Through the Nab, Acrylic on canvas, 100cm x 100cm (40"x40")
Back from the Nab!
In March I revisited Saltwick Nab (which you can see at Blackheath Gallery now) on the northern Yorkshire coast. Before leaving I had already started a second large Saltwick painting, but it was only by revisiting again that I realised my painting was misdirected. So I finished it last week with a clearer idea of the pale winter light from a low tide and purple shadows along the rock faces - Through the Nab.
The fresh inspiration also resulted in four (yes, four!) new small paintings as I start to gather my thoughts from the Yorkshire sketchbook... I thought I'd play with small canvases first. Truly play, with no plans or ideals. You can see these on the website alongside the new Through the Nab on the coast paintings page.
Where have I been lately?
At Saltwick Bay, just south/east of the famous town of Whitby (for Whitby Jet or Dracula, your choice), I stayed in a caravan at the top of the cliffs.

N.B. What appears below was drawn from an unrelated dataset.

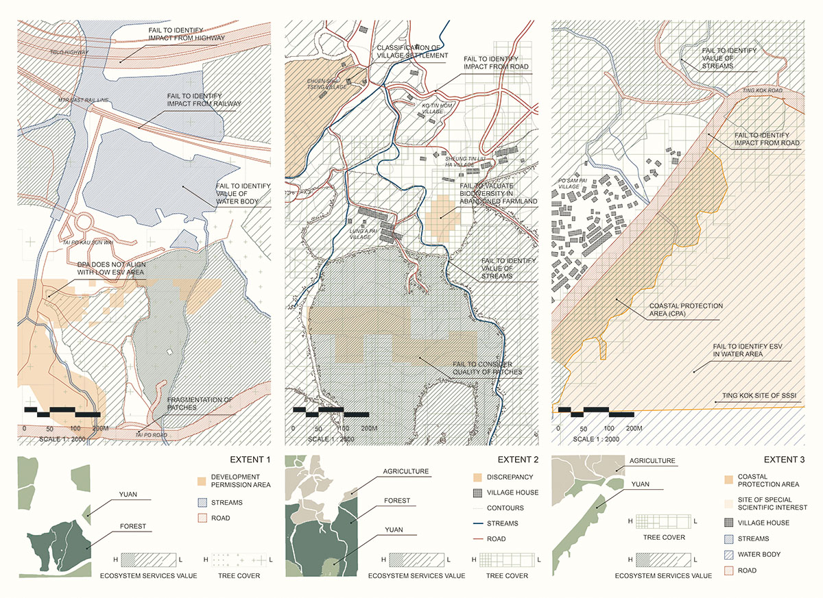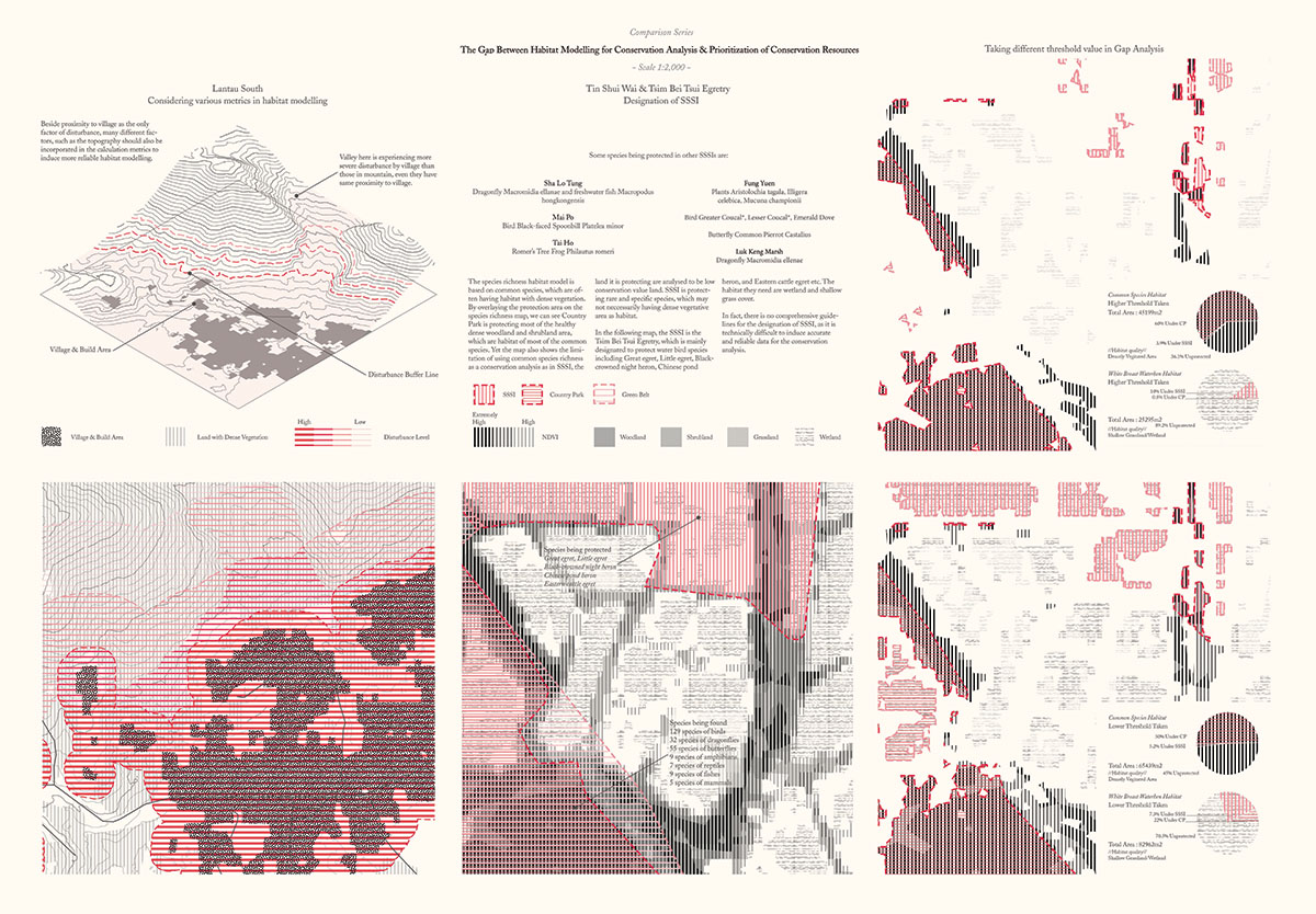 This advanced computation-theory seminar explores the paradoxes of environmental valuation through a combination of computational design and environmental planning. Similar to past "Design Analytics" seminars, we place equal focus on theory in development geography and technological innovation in parametric geospatial approaches, unleashing the narrative capacity of the design disciplines and building skillsets for working within "natures", patterns, field conditions, and bespoke analytic models. For term projects, students will build highly physical and parametric scenarios of 40+ landscapes across Hong Kong that were converted from conservation uses within the past five years, architecturally documenting their degradation, natural capital, species richness, maintenance, enforcement, and participatory spaces. The ambiguity of green belt (GB) zoning necessitates new modes of negotiation of environmental ethics and economy, especially in Hong Kong's current land development climate. Such ambiguity is a strong entry point for the applied fields of landscape and architecture, as well as an important learning struggle that trains designers to recognize and work within such phenomena.

At the southern end of Saltwick Bay is the single remaining rock of a peninsula eroded away by the sea - Black Nab, known locally as "The Submarine". It's entirely mudstone shale and very soft thin fragile layers. On my first day the tide was very far out so myself and friends were able to walk right onto it and spot fossils and pyrite.
Between walks north and south along the shore, my art reading in the meager heat of the caravan was "Art and Physics" by Leonard Shlain - a sort of social history of how artists and scientists were breaking the constraints of time, perspective space and light in parallel.
One standout portion was about how Monet with his series of haystacks at different times of day was one of the first artists intentionally express express a the flow of time. His series, originally a mathematical term denoting sequence, broke the tradition of single painting capturing a static moment or event.
With the light and wind changing minute by minute here, as I sat at the top of cliffs, I could identify strongly with the concept in a way I haven't before - wanting to paint the light of the rocks and bay but showing constant change.
Although I've done a few paintings of the same place more than once - like Thornness Bay or Chesil Beach - this was out of creative ambition. I simply felt I hadn't yet painted it the way I wanted to. I've not painted an intentional repeating series.
But I think I could paint Black Nab for years to come.
Welcome to spring!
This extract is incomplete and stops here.